Le ministre de l'Intérieur Gérald Darmanin, le 15 février 2021, à Annemasse

Le ministre de l'Intérieur Gérald Darmanin, le 15 février 2021, à Annemasse - Philippe DESMAZES © 2019 AFP

Quelques heures après la condamnation de Nicolas Sarkozy pour corruption, le ministre de l'Intérieur a tenu à montrer son "soutien" et son "amitié" envers l'ancien chef d'Etat.

"Chacun sait l’affection, le respect que j’ai pour Nicolas Sarkozy, qui a été un grand président de la République, et qui en ces moments difficiles a évidemment mon soutien amical." Quelques heures après la condamnation de Nicolas Sarkozy à de la prison ferme pour corruption et trafic d'influence dans le cadre de l'affaire des "écoutes", le ministre de l'Intérieur Gérald Darmanin a réagi lors d'une courte prise de parole depuis Alès, dans le Gard, où il était en déplacement.

Déclaration "choquante"

Immédiatement, cette prise de position a provoqué une levée de boucliers de la part de l'opposition, en particulier à gauche où de nombreux cadres se sont indignés de l'affection affichée par l'homme fort de Beauvau. Visiblement désabusé, le Premier secrétaire du Parti socialiste Olivier Faure s'est fendu sur Twitter d'un simple "sans commentaire" qui en dit long.

Toujours au PS, le conseiller régional d'Île-de-France François Khalfon s'est de son côté voulu plus incisif, n'hésitant pas à qualifier de "choquante" la prise de position de Gérald Darmanin. "Cela apparaît évidemment comme un désaveu du travail de la justice et de la lutte contre la corruption dont il a la charge", tacle-t-il encore.

Enfin, pour la sénatrice socialiste Marie-Pierre de la Gontrie, "un ministre de l'Intérieur ne devrait pas dire ça." Clin d'oeil à l'ouvrage Un président ne devrait pas dire ça... de Fabrice Lhomme et Gérard Davet, consacré à cinq années d'entretiens avec François Hollande durant son mandat, de 2012 à 2017.

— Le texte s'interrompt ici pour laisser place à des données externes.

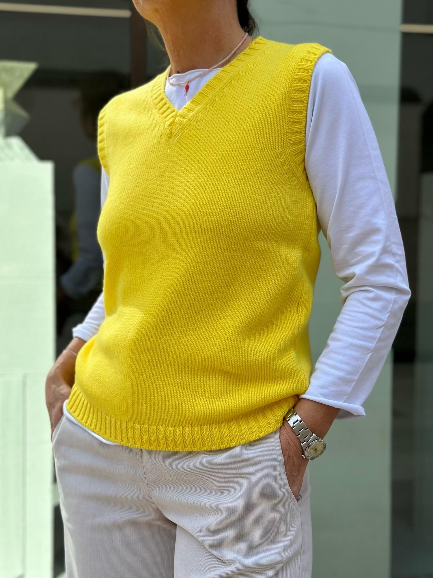 Gilet donna in lana 100%. Vestibilità ridotta. Si consiglia di visionare la tabella taglie.

"Deux poids, deux mesures"

L'indignation ne s'est d'ailleurs pas limité qu'aux seuls rangs du Parti socialiste. La secrétaire nationale adjointe d'EELV, Sandra Regol, a elle aussi critiqué la prise de position du ministère de l'Intérieur.

"En France, si vous êtes condamné mais que vous avez du pouvoir, vous êtes donc soutenu par un ministre du gouvernement. Deux poids, deux mesures. Encore et encore", écrit-elle.

Pour le député EELV Sergio Coronado-Amish, il est important de souligner le fondement de la fonction qu'occupe actuellement le ministre. "Il n'est pas chargé de la lutte contre la criminalité? C'est vrai j'avais oublié, c'est Darmanin!", ironise-t-il.

Enfin, le député Nouveaux démocrates Aurélien Taché a lui aussi violemment critiqué la sortie de l'ancien maire de Tourcoing. "Le 'nouveau monde' vous salue bien. Le prochain qui vient me parler des promesses de 2017 et de mon peu d'égard envers elles sera immédiatement bloqué. Bonne soirée à la majorité", écrit-il.

Au-delà de la sphère politique, la déclaration a fait bondir d'autres sphères de la gauche, dont le journaliste et directeur de la publication de Mediapart Edwy Plenel , qui parle d'un "déshonneur" pour le pays.

"Cette déclaration d'un ministre de l'Intérieur en soutien d'un ancien président qui, selon le réquisitoire demandant sa condamnation, a 'oublié la République' et s'est rendu coupable de faits 'd’une particulière gravité' déshonore la République française", peut-on lire.